Tant d’autres avant nous l’ont dit : le Père Jean-Bernard Plessy, supérieur des Chartreux à Lyon, Yann de Cacqueray, directeur de Notre-Dame d’Orveau. En période de crise profonde de la jeunesse, de la transmission, de la culture, des vocations, nous avons terriblement besoin, notre jeunesse a terriblement besoin de chefs d’établissement comme François-Xavier Clément, qui en tant qu’éducateur catholique sait que le taux de mention au bac n’est rien sans le salut de l’âme. Il faut savoir transmettre et construire chez les jeunes élèves la force d’âme, pour résister aux assauts d’un monde qui n’entend pas nous faire de cadeaux : les témoignages d’anciens élèves, rendant hommage à leur directeur et à leur préfet, prouvent que MM. Clément et Ducret possèdent cette immense qualité. Il est terrible de se dire que ce sont les « pratiques managériales dysfonctionnelles » qui l’ont emporté, au mépris de tout le reste, et de tout le bien qui ressort de cette institution.
A Liberté politique et à Stop au porno, il n’y a quasiment pas de semaines où nous ne recevons pas de témoignages scandaleux sur ce qui se passe dans des enseignements dits catholiques. Professeurs ou directeurs notoirement en ménages homosexuels, enseignants tenant des propos en contradiction profonde avec l’enseignement de l’Eglise, ou pervertissant la jeunesse par les ouvrages mis à l’étude… Dans ces cas, où sont les rappels à l’ordre de la hiérarchie ? Les directeurs de l’enseignement diocésain ou les évêques sont généralement aux abonnés absents. L’archevêque de Paris, de son côté, mène un combat autrement plus important : il préserve la qualité des pratiques managériales.

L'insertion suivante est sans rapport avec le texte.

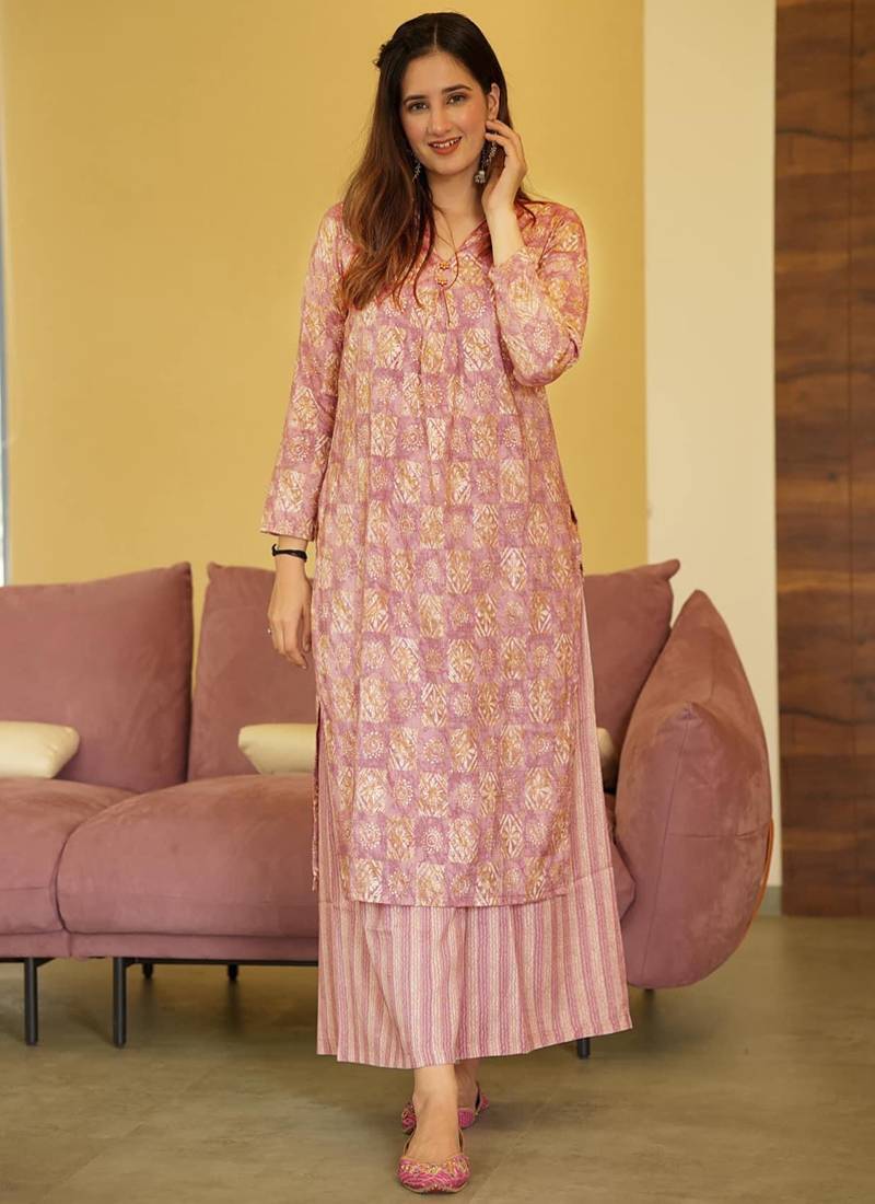 • Product Id : 4714397 • Package Details : 1 Top / 1 Bottom • Type : Kurta Sets • Sleeve : Full Sleeve • Neck Style : Collar Neck Kameez • Occasion : Formal • Fabric : Rayon • Color : Light Pink • Work : Digital Print • Stitching : Stitched Payments [+]

« On juge un arbre à ses fruits » : cet axiome évangélique est aujourd’hui soigneusement oublié et contourné. Les fruits du traitement de l’affaire Saint-Jean de Passy sont pourtant bien aisés à analyser : ils sont amers et gâtés, et sur le temps long, ce sont, pour l’ensemble de l’Enseignement catholique, des fruits pourris. En attendant, le combat est loin d’être terminé.